Data provided:

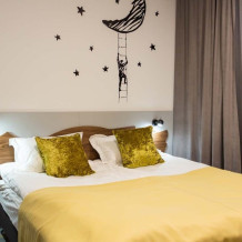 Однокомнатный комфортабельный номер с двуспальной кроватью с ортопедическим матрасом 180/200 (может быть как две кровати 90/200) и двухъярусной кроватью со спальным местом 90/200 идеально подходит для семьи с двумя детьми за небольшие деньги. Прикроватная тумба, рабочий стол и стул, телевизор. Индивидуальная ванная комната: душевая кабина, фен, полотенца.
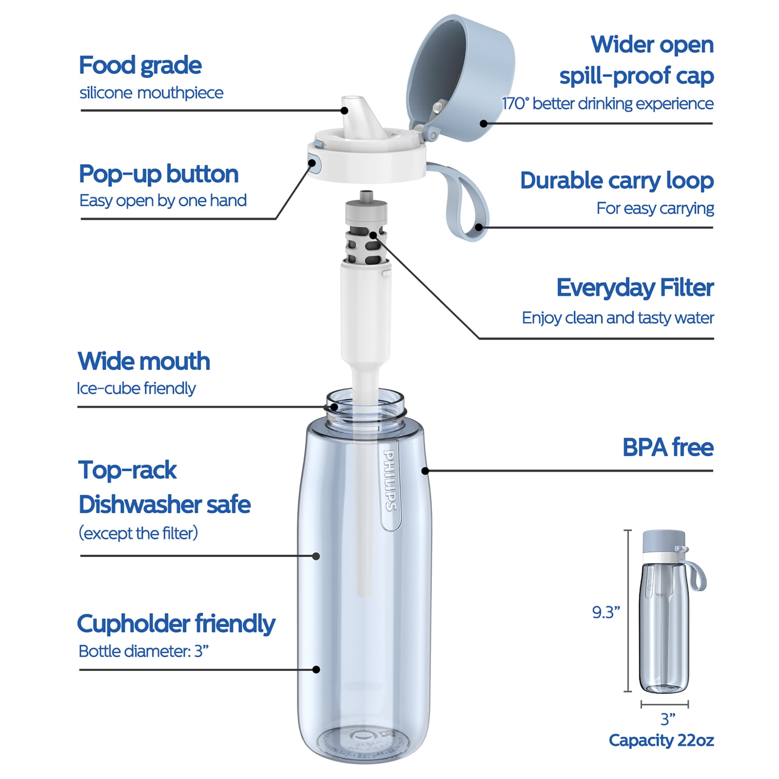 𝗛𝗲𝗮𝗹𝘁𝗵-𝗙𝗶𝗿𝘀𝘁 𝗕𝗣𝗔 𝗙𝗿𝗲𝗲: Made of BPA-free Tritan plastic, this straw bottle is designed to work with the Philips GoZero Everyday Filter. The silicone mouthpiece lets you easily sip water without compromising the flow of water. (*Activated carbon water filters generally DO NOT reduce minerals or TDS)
---
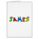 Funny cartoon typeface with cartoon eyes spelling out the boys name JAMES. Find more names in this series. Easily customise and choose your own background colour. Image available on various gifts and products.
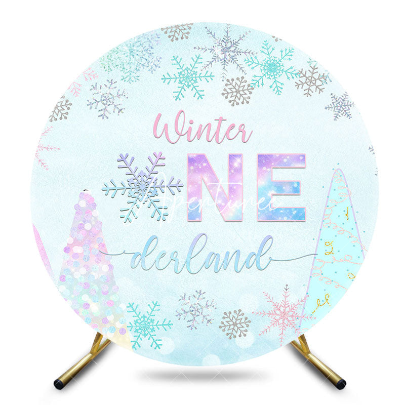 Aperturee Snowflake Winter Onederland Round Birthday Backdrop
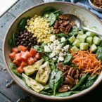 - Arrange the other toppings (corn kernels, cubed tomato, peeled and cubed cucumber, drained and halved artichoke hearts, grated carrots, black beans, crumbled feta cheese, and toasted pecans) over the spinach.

Exercise prompt:
In the entries above, every line from the line with "Funny cartoon typeface" to the line with "- Arrange the" is to be printed exactly, with both ends included and pictures excluded.

Written answer:
 Funny cartoon typeface with cartoon eyes spelling out the boys name JAMES. Find more names in this series. Easily customise and choose your own background colour. Image available on various gifts and products.
 Aperturee Snowflake Winter Onederland Round Birthday Backdrop
 - Arrange the other toppings (corn kernels, cubed tomato, peeled and cubed cucumber, drained and halved artichoke hearts, grated carrots, black beans, crumbled feta cheese, and toasted pecans) over the spinach.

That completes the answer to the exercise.